== Segment start ==
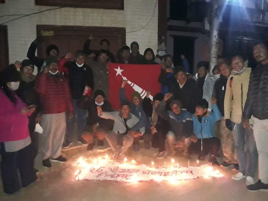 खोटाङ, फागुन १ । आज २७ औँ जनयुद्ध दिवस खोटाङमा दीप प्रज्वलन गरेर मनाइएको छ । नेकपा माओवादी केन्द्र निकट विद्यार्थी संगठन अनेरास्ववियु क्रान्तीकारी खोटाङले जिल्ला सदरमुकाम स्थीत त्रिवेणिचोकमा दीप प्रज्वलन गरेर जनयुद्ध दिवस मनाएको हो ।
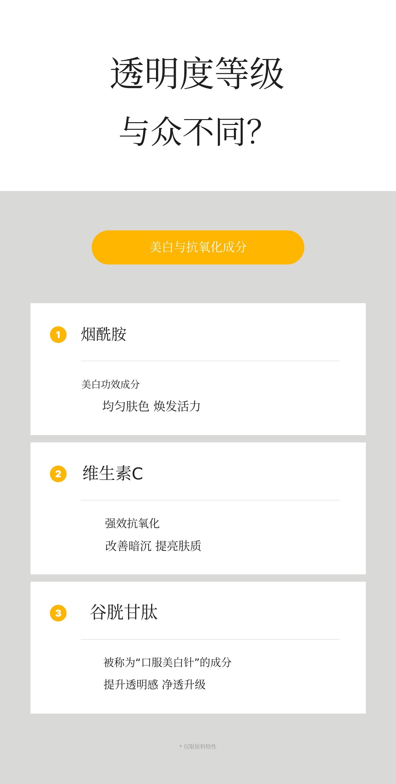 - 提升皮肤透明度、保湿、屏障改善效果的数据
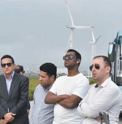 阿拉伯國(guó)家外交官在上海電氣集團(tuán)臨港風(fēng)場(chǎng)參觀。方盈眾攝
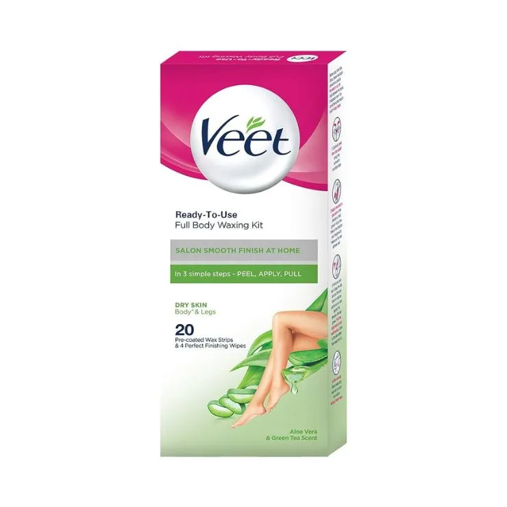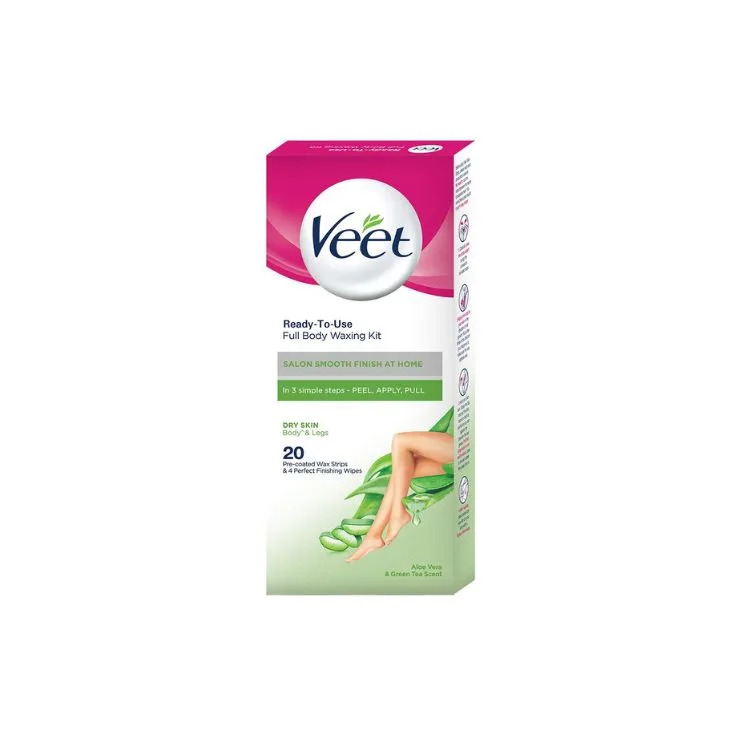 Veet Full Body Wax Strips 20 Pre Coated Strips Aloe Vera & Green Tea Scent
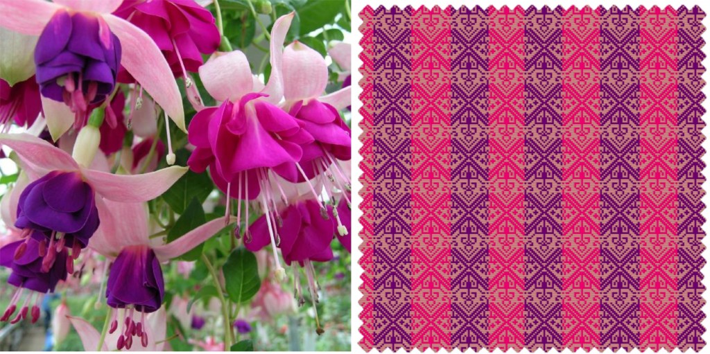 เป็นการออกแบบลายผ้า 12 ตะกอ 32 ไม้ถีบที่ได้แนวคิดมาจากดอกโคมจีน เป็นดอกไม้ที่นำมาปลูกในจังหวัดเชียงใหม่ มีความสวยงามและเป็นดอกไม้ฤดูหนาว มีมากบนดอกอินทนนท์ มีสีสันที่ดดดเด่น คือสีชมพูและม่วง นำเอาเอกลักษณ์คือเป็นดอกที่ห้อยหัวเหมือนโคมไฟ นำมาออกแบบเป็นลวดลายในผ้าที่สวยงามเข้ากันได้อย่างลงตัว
== Segment end ==
Both the line containing "- 提升皮肤透明度、保湿、屏障改善效果的数据" and the last line of the records above belong in the exact copy, along with every line between them; pictures do not.

- **Result for this exercise**:
 - 提升皮肤透明度、保湿、屏障改善效果的数据
 阿拉伯國(guó)家外交官在上海電氣集團(tuán)臨港風(fēng)場(chǎng)參觀。方盈眾攝
 Veet Full Body Wax Strips 20 Pre Coated Strips Aloe Vera & Green Tea Scent
 เป็นการออกแบบลายผ้า 12 ตะกอ 32 ไม้ถีบที่ได้แนวคิดมาจากดอกโคมจีน เป็นดอกไม้ที่นำมาปลูกในจังหวัดเชียงใหม่ มีความสวยงามและเป็นดอกไม้ฤดูหนาว มีมากบนดอกอินทนนท์ มีสีสันที่ดดดเด่น คือสีชมพูและม่วง นำเอาเอกลักษณ์คือเป็นดอกที่ห้อยหัวเหมือนโคมไฟ นำมาออกแบบเป็นลวดลายในผ้าที่สวยงามเข้ากันได้อย่างลงตัว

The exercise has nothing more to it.